(Beginning of Material for the task)
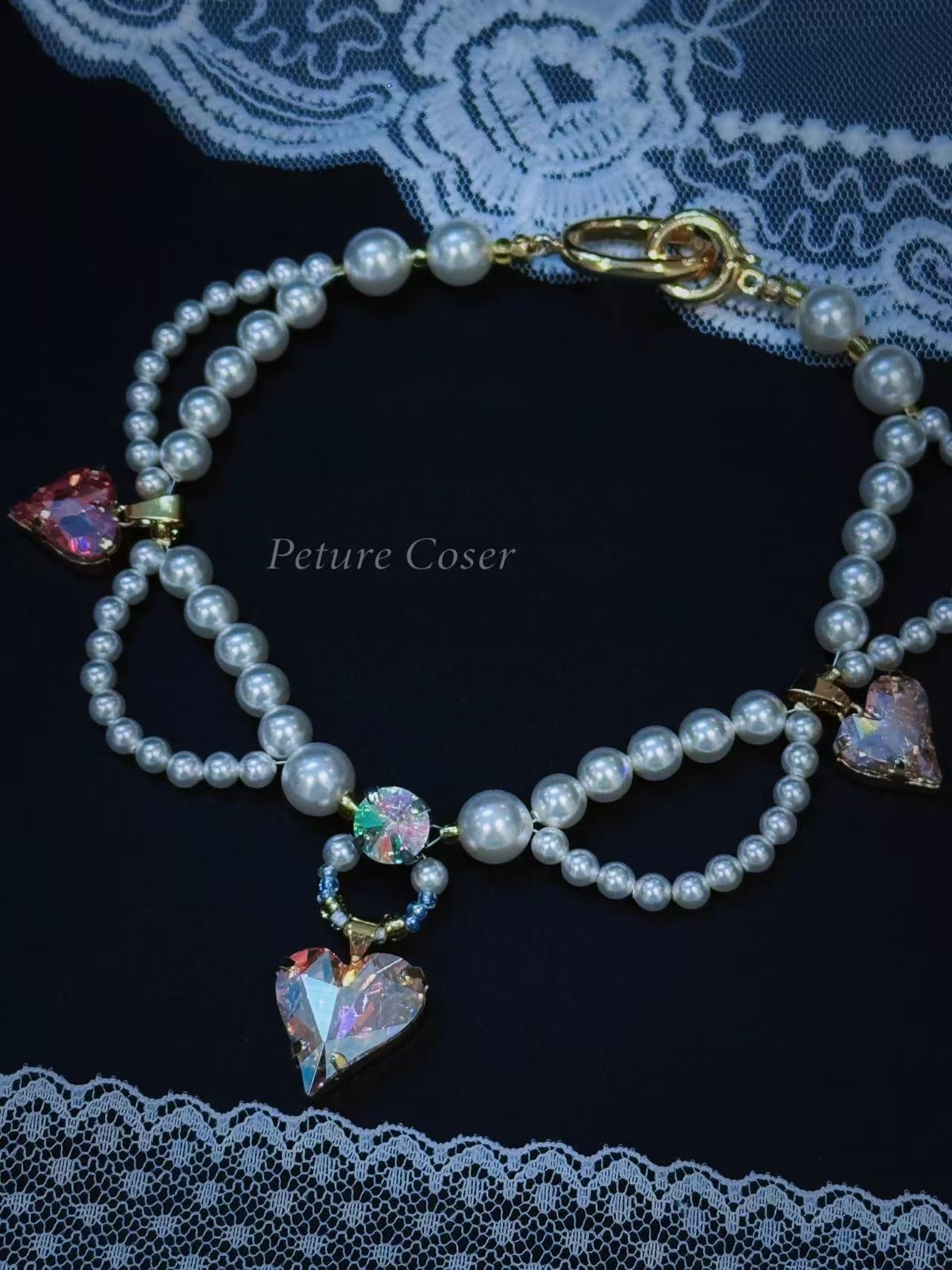 每顆珍珠與晶石均經手工鑲嵌,心形主石可隨光線折射虹彩,展現珠寶級立體光影
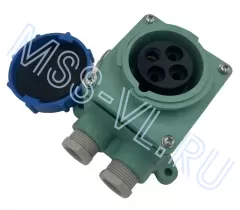 Portable power cable socket TDM has increased strength and resistance to mechanical impact, abrasion. It has increased moisture protection, which makes it an ideal choice for use on ships and in areas with high levels of humidity and dust, as well as it is used for power supply of industrial and construction equipment in particularly difficult working conditions.
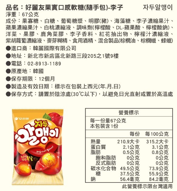 好麗友果實口感軟糖系列/李子/隨手包/67g
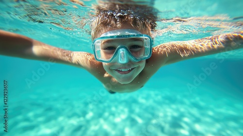 © O, Fototapeta premium Caucasian young boy swimming underwater with goggles in clear blue pool
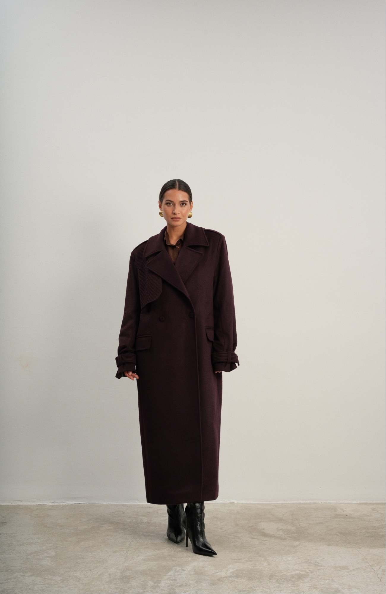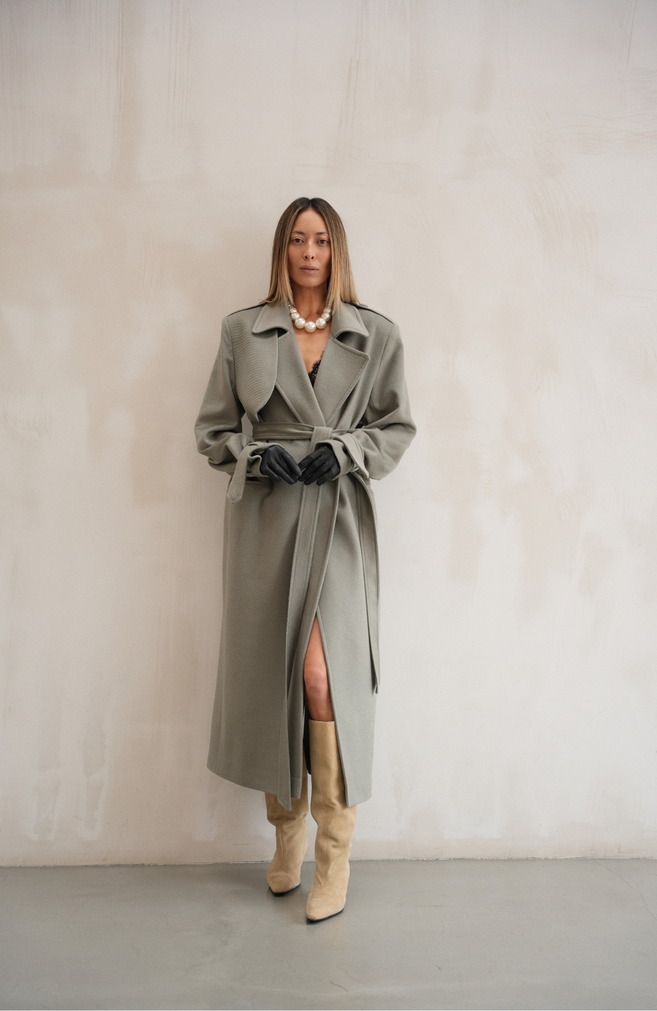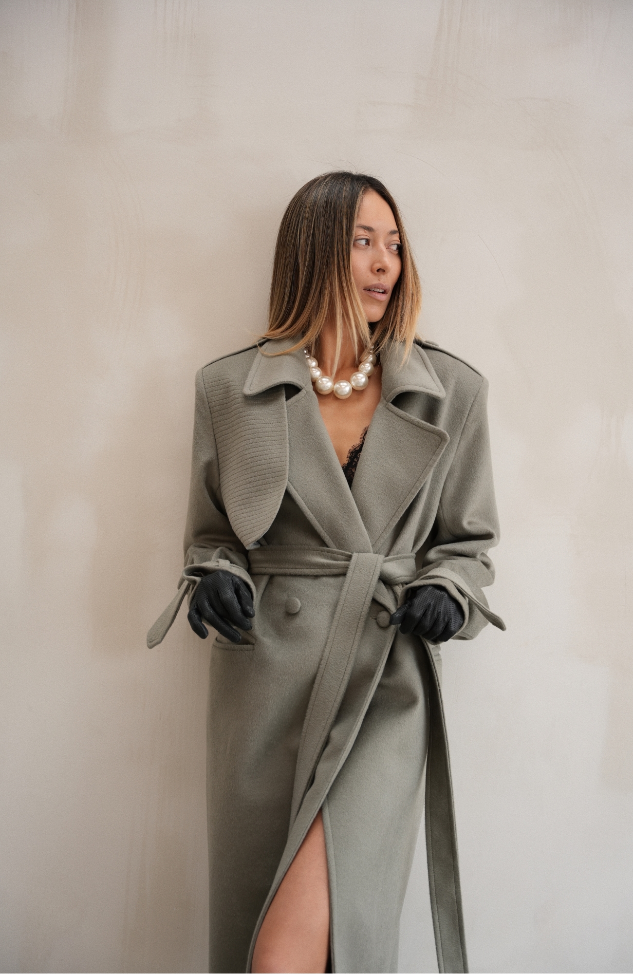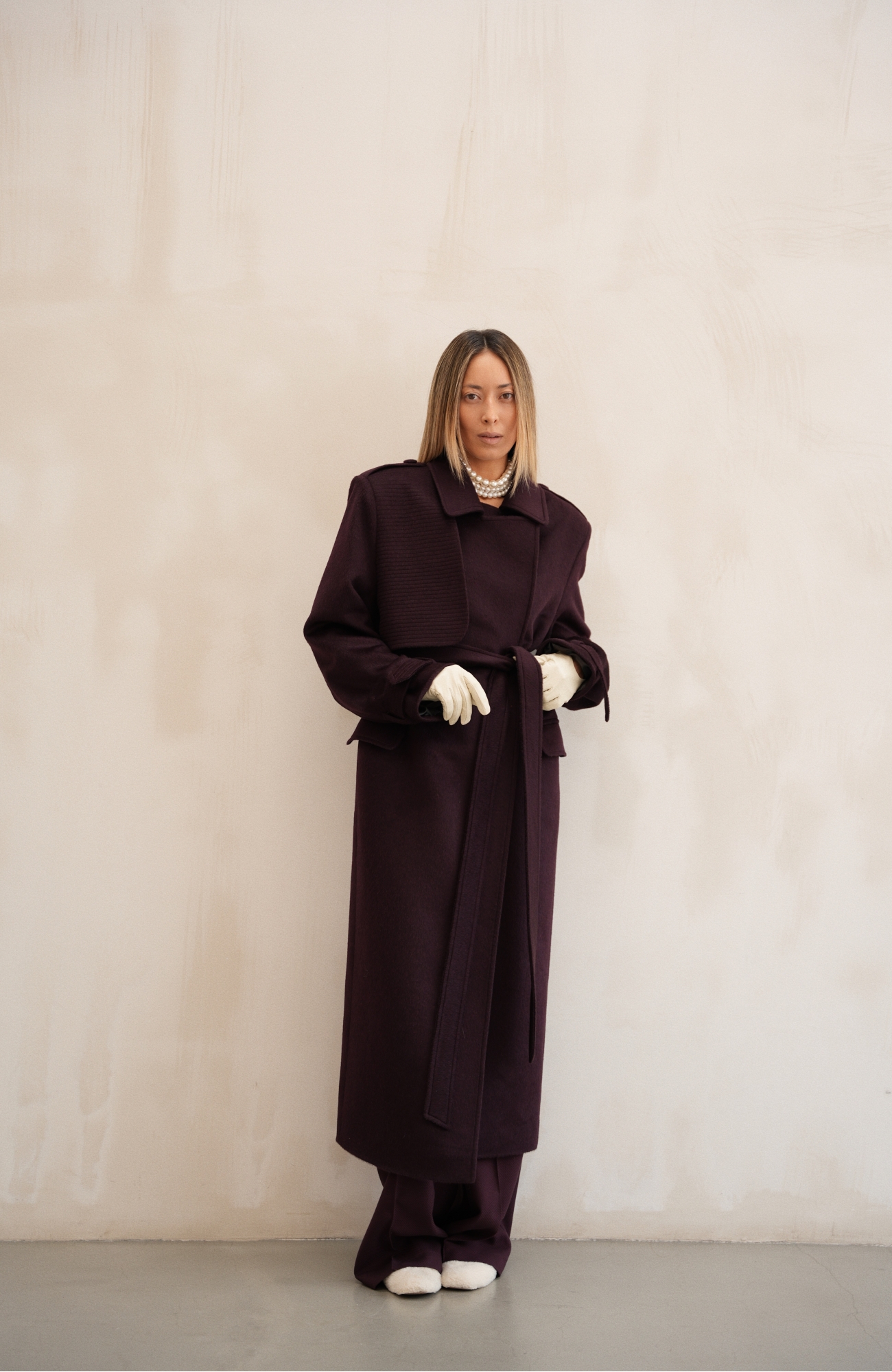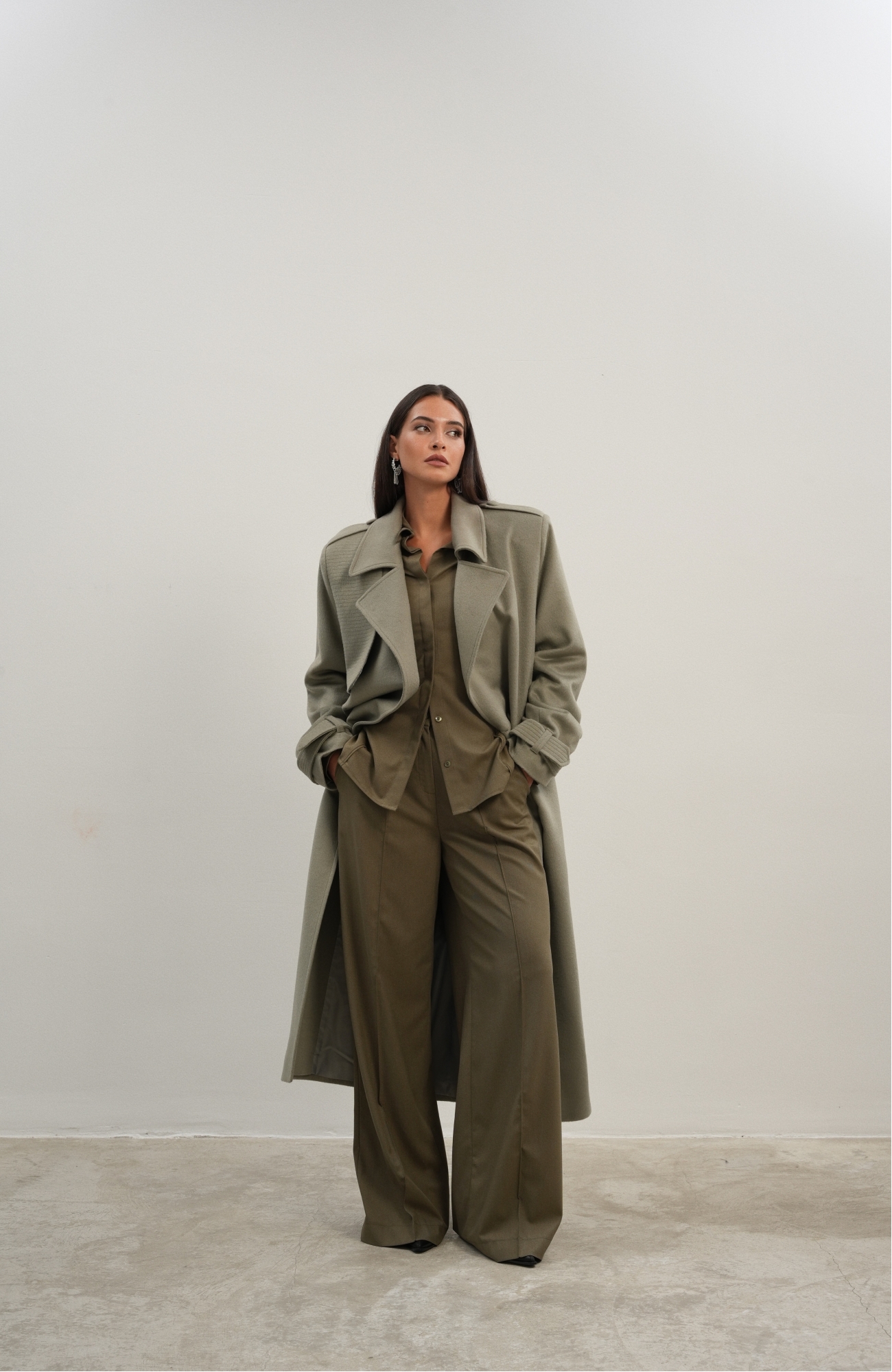 Пальто-тренч выполнено из качественной пальтовой ткани с большим содержанием шерсти. Простроченная кокетка, погоны, хлястики усложняют и добавляют характера образу. Температурный режим до - 10*.
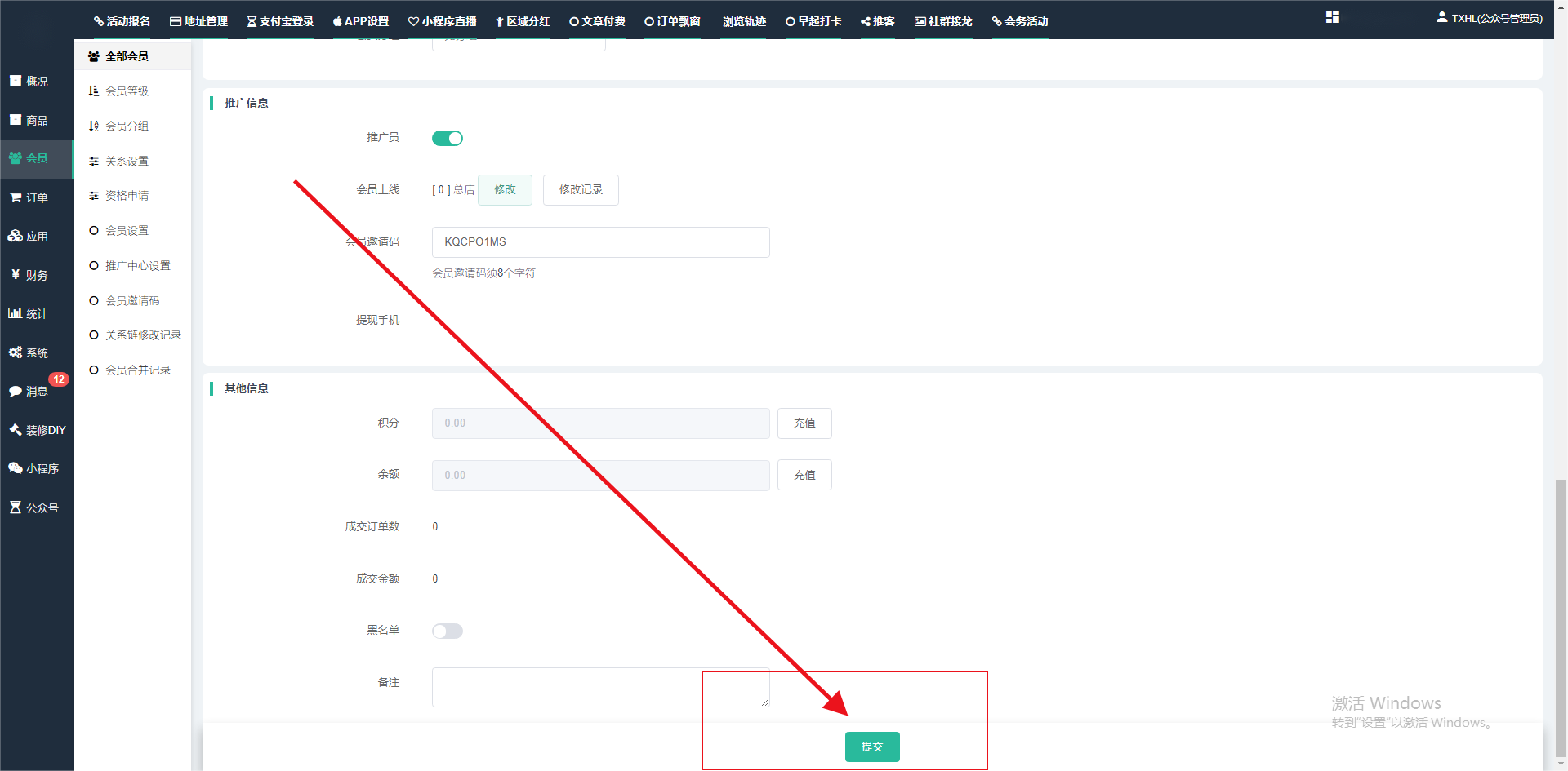 目录 搜索 展开 一、前期准备资料二、数字乡村码-上线操作指南1、服务号的申请流程及认证2、申请小程序流程3、开放平台绑定小程序和公众号三、数字乡村码-系统操作数字乡村码系统管理-概况数字乡村码-商品管理1、发布商品2、商品列表3、商品表单4、商品分类5、品牌管理6、配送模板7、评论管理8、优惠券管理9、商品标签10、退货地址设置11、满额优惠12、批量操作13、配送方式14、基础设置15、商品隐藏四、数字乡村码-会员管理1、全部会员2、会员等级3、会员分组4、资格申请5、会员设置6、推广中心设置7、会员邀请码8、会员关系链修改关系链修改记录9、会员合并记录10、账号注销管理11、会员设置中心五、数字乡村码-订单管理1、订单管理列表2、订单处理流程3、订单状态4、订单修改价格5、订单退款退货6、多包裹发货7、批量发货订单操作步骤8、催发货订单9、物流查询六、数字乡村码-财务管理1、余额设置2、会员余额3、充值记录4、转让记录5、余额明细6、收入明细7、提现设置8、提现统计9、积分管理10、转账审核11、收益广告12、批量充值七、数字乡村码-系统管理1、商城入口2、商城设置①、商城设置②、订单设置③、物流查询④、短信⑤、联系方式⑥、分类⑦、优惠券⑧、分享⑨、幻灯片⑩、广告位⑫、地图设置3、交易设置4、微信模板消息自定义消息模板(新版)自定义消息模板(旧版)小程序消息模板公众号模板消息变更公告5、语言设置6、权限管理7、多媒体管理八、数字乡村码-消息管理九、数字乡村码-应用管理十、数字乡村码系统-数据统计十一、数字乡村码-页面装修DIY1、模板管理2、店铺页面3、顶部导航4、底部导航5、DIY模板市场6、首屏广告7、基础设置8、装修DIY尺寸建议十二、供应商功能插件操作指南1、供应商2、门店-收银台门店申请和使用步骤门店管理①、门店-收银台 营销设置②、门店-收银台 分润设置门店分类门店申请门店审核门店商品门店商品订单收银台订单数据统计核销员基础设置默认设置门店装修3、微社区4、会务活动十三、营销插件操作指南活动报名提货卡新人奖微店问卷调查积分视频分享1、视频分享基础设置2、视频分享发现管理3、视频分享分类管理4、视频分享评论管理5、视频分享分红记录6、视频分享短视频中心每日红包幸运大抽奖签到优惠券二维码任务奖励优惠劵文章音频文章付费文章限时购新海报拓客卡操作流程积分活动素材中心视频红包十四、入驻门店应用类1、门店预约2、附近商品3、门店定位设置4、门店控制5、门店满额包邮6、门店满额减7、导入商品8、门店搜索9、门店股东10、核销券11、多门店核销1、商城后台设置2、前端功能演示十五、常见问题1、后台登录密码修改流程2、会员-余额,积分,后台如何进行充值与扣除3、如何修改上下级关系4、一种万能的获取商城小程序路径的方法 暂无相关搜索结果! 阅读次数:1671 本文档使用 模王系统 发布 3、如何修改上下级关系 如何修改上下级关系一.如何修改上下级关系?1.会员-全部会员-可以通过搜索用户的独立ID,或者用户微信昵称,找到此会员,然后点击右边的(操作)2.再点击会员详情。3.滑到下面,有个推广信息-会员上线,点击修改4.输入上级的ID号,点击搜索,出来此上级会员后点击选择。5.滑到最下面,一定要点击提交按钮。文档更新时间: 2024-01-05 14:50 作者:链上旅行
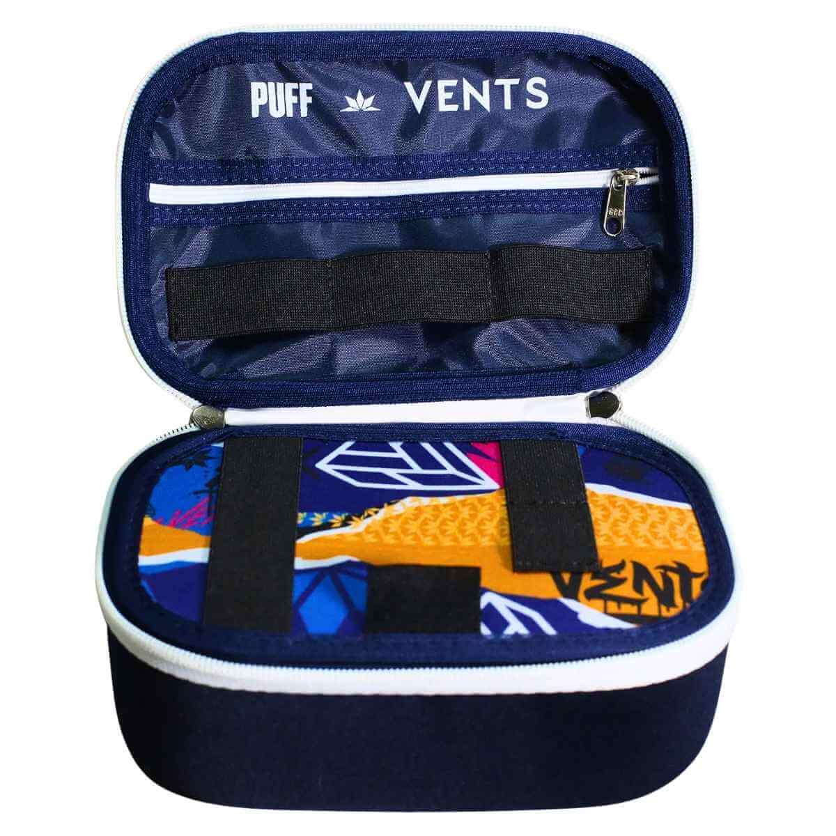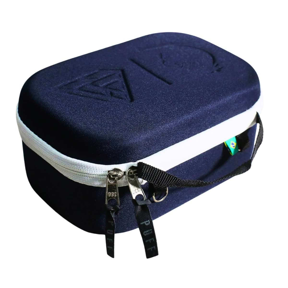 O Puff Life Case Pro Puff Collab Vents é um estojo rígido em EVA desenvolvido em parceria com a VENTS e Thiago Ventura, pensado para organizar e proteger itens pessoais em um único compartimento compacto. Com dimensões aproximadas de 18,5 x 12 x 9 cm e design em azul marinho com detalhes em alto-relevo, combina estrutura robusta com acabamento moderno e discreto.
(End of Material for the task)
▶ [Problem details]
Would you reproduce the lines above, from the very first through the line containing "Portable power cable", exactly and without the pictures?

▶ [Result for this exercise]
 每顆珍珠與晶石均經手工鑲嵌,心形主石可隨光線折射虹彩,展現珠寶級立體光影
 Portable power cable socket TDM has increased strength and resistance to mechanical impact, abrasion. It has increased moisture protection, which makes it an ideal choice for use on ships and in areas with high levels of humidity and dust, as well as it is used for power supply of industrial and construction equipment in particularly difficult working conditions.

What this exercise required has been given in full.